Work instructions:
The data below holds a line containing "今回新発売となる関孫六「しら" and a line containing "Designed by Flavio"; please quote exactly those two lines and every line between them, and nothing else.

━━━ Data for analysis ━━━

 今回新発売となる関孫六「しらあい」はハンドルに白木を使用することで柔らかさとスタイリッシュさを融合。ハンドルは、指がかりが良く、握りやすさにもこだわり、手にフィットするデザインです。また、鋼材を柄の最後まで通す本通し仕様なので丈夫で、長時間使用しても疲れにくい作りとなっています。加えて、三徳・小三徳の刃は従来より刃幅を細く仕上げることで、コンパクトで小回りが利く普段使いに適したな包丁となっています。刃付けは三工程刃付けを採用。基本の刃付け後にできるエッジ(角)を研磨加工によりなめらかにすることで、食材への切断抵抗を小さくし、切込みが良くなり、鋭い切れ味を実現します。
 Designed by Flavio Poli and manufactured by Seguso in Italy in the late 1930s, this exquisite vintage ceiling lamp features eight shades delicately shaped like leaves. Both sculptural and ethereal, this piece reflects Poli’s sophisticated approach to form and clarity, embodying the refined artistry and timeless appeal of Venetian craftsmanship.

━━━
━━━ Data for analysis ━━━

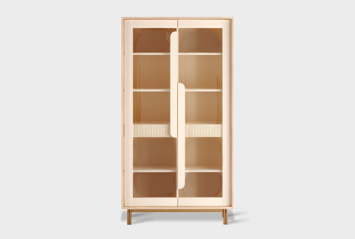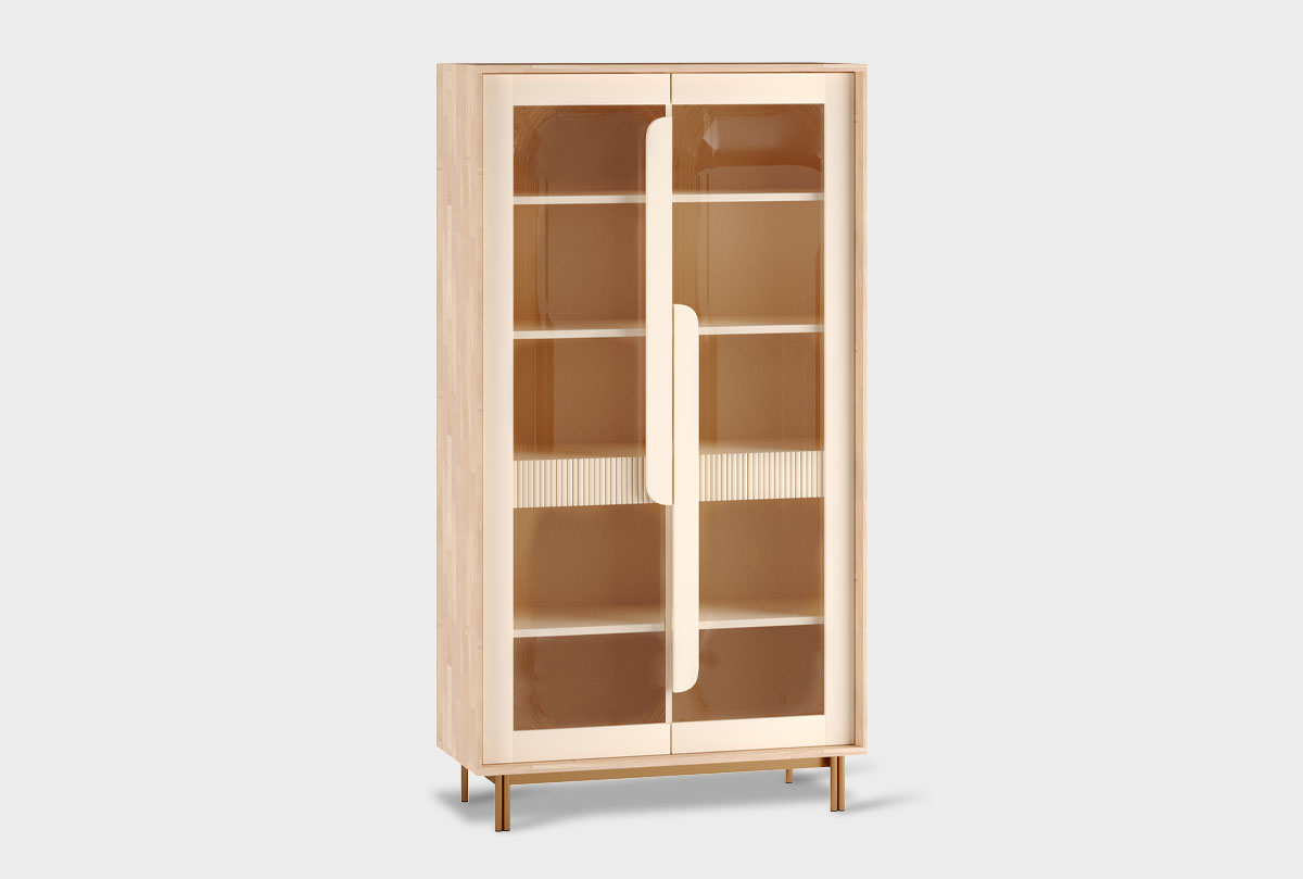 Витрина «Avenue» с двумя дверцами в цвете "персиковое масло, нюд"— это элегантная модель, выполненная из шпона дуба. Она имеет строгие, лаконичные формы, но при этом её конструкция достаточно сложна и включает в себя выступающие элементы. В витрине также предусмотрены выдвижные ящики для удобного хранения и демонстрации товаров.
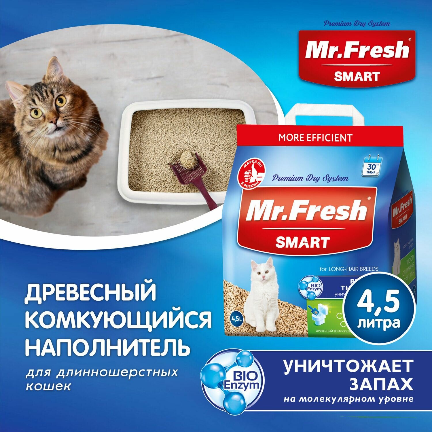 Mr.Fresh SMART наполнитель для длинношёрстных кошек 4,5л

━━━
━━━ Data for analysis ━━━

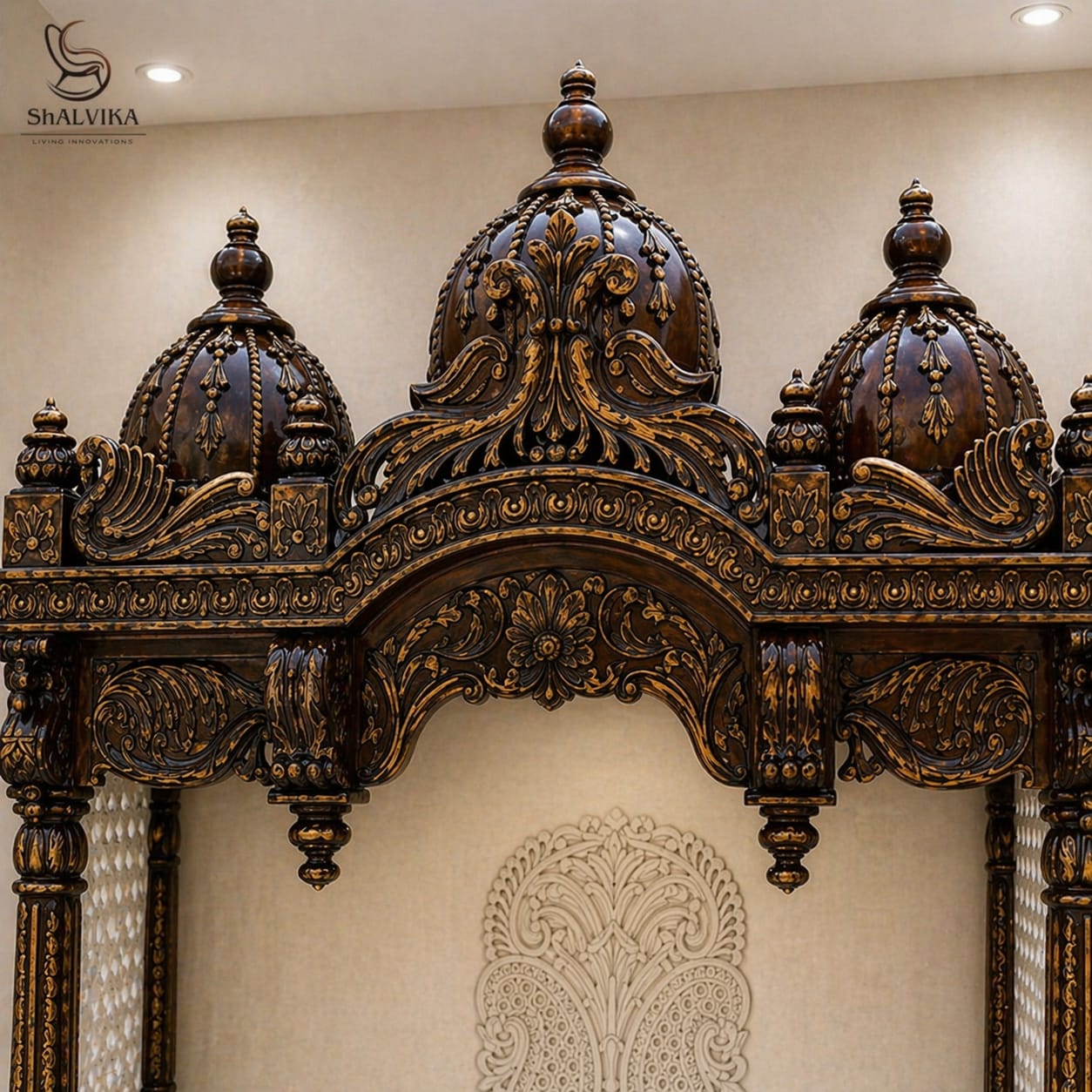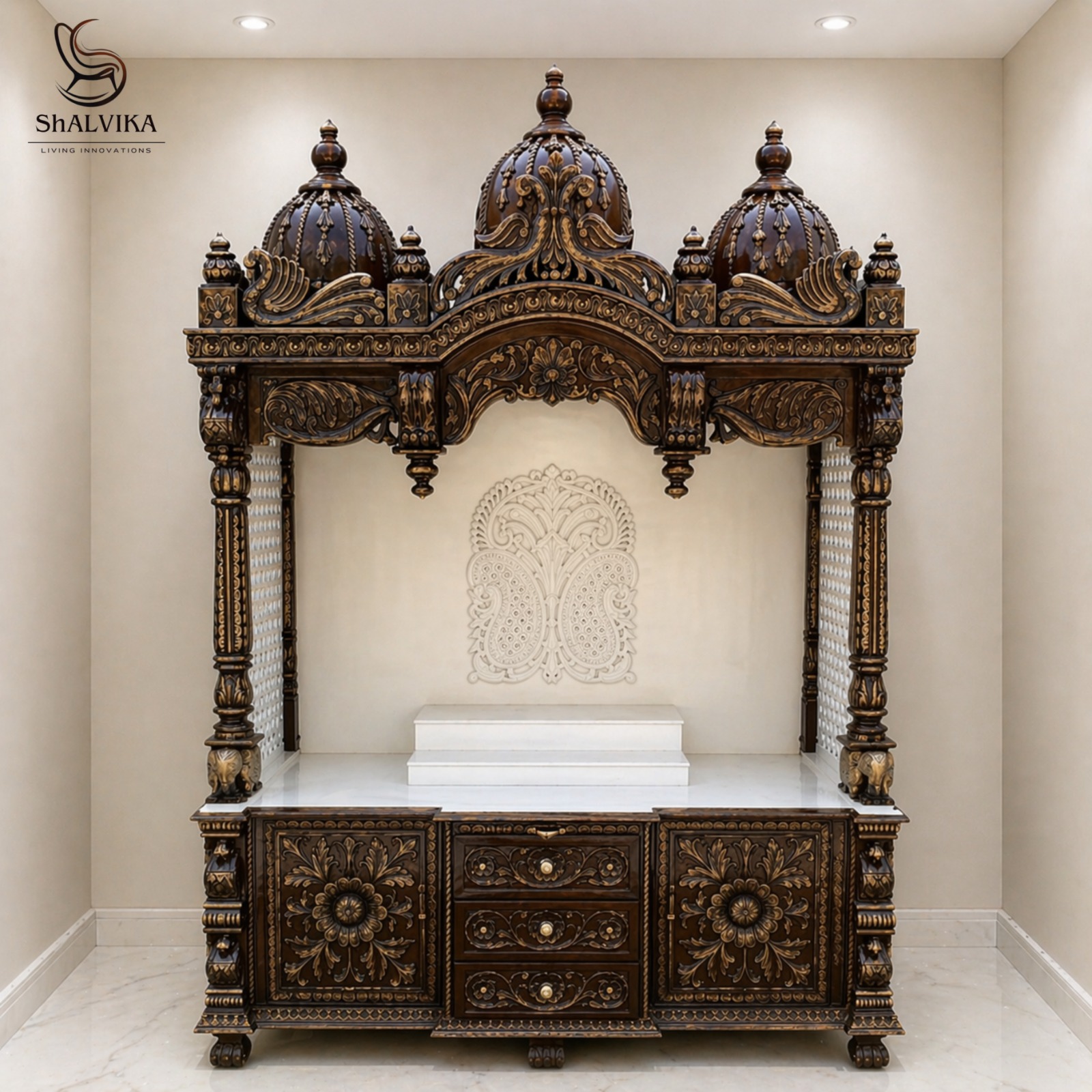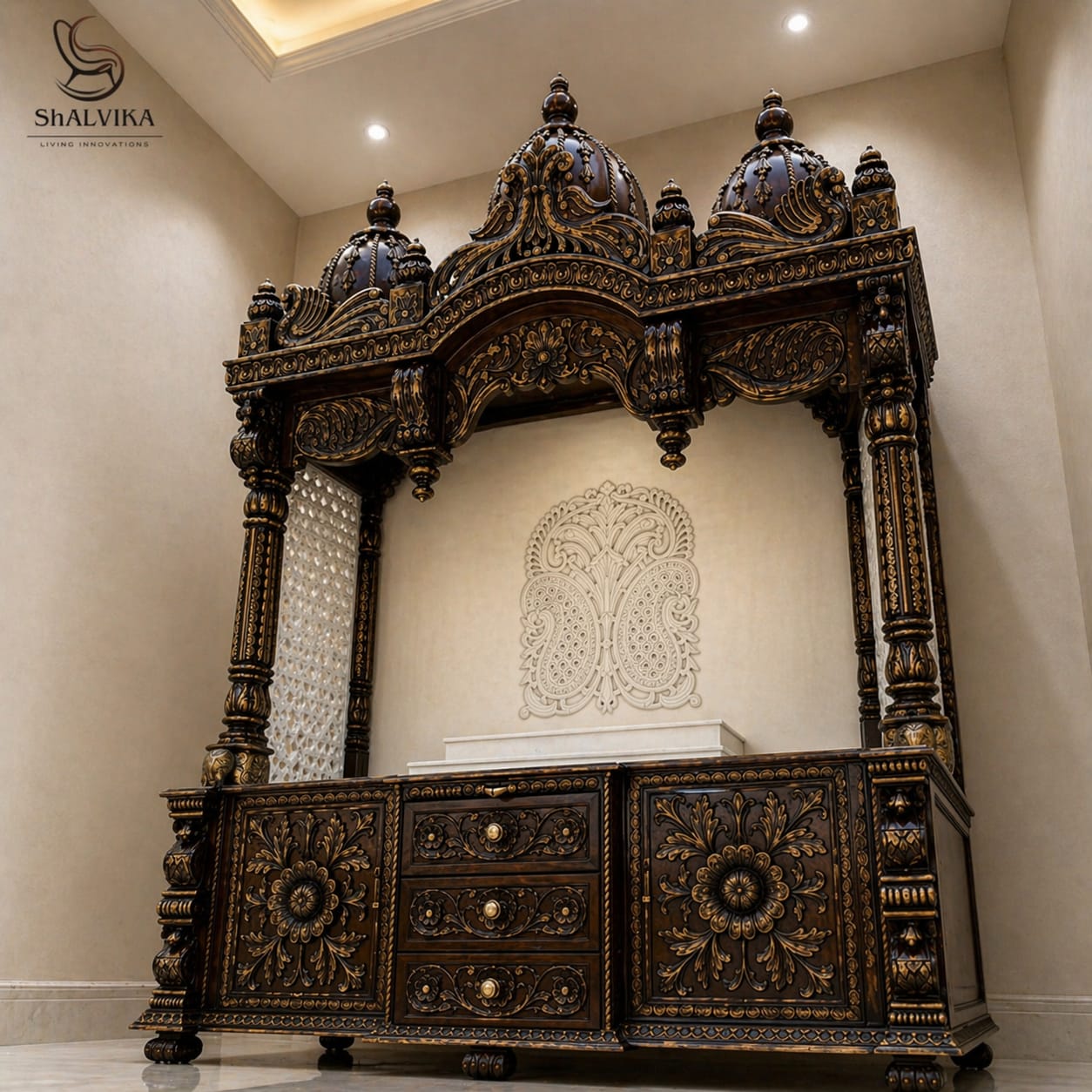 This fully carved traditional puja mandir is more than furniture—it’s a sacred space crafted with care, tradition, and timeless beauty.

━━━

Answer below:
 今回新発売となる関孫六「しらあい」はハンドルに白木を使用することで柔らかさとスタイリッシュさを融合。ハンドルは、指がかりが良く、握りやすさにもこだわり、手にフィットするデザインです。また、鋼材を柄の最後まで通す本通し仕様なので丈夫で、長時間使用しても疲れにくい作りとなっています。加えて、三徳・小三徳の刃は従来より刃幅を細く仕上げることで、コンパクトで小回りが利く普段使いに適したな包丁となっています。刃付けは三工程刃付けを採用。基本の刃付け後にできるエッジ(角)を研磨加工によりなめらかにすることで、食材への切断抵抗を小さくし、切込みが良くなり、鋭い切れ味を実現します。
 Designed by Flavio Poli and manufactured by Seguso in Italy in the late 1930s, this exquisite vintage ceiling lamp features eight shades delicately shaped like leaves. Both sculptural and ethereal, this piece reflects Poli’s sophisticated approach to form and clarity, embodying the refined artistry and timeless appeal of Venetian craftsmanship.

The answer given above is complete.